--- INFORMATION PROVIDED Enclosed Below ---
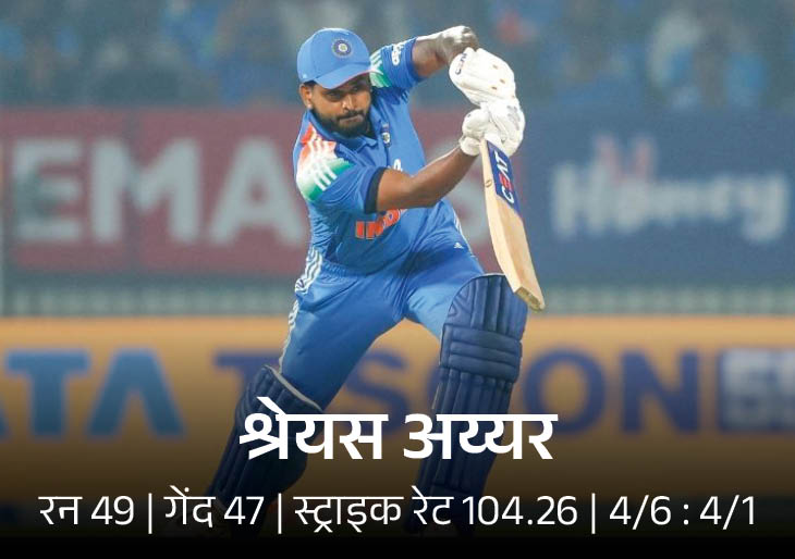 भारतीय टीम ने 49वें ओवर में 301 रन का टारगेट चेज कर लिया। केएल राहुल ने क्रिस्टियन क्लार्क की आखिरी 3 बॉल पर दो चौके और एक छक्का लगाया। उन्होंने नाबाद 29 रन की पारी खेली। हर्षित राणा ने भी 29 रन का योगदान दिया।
--- End of Enclosed INFORMATION PROVIDED ---
--- INFORMATION PROVIDED Enclosed Below ---
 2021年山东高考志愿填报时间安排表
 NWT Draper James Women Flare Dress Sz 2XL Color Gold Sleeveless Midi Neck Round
--- End of Enclosed INFORMATION PROVIDED ---
> [WHAT YOU WILL DO]
Retype the records above, but only those lines that fall between the line containing "2021年山东高考志愿填报时间安排表" and the line containing "NWT Draper James", with both of those lines included, exactly as written.

> [EXERCISE RESPONSE]
 2021年山东高考志愿填报时间安排表
 NWT Draper James Women Flare Dress Sz 2XL Color Gold Sleeveless Midi Neck Round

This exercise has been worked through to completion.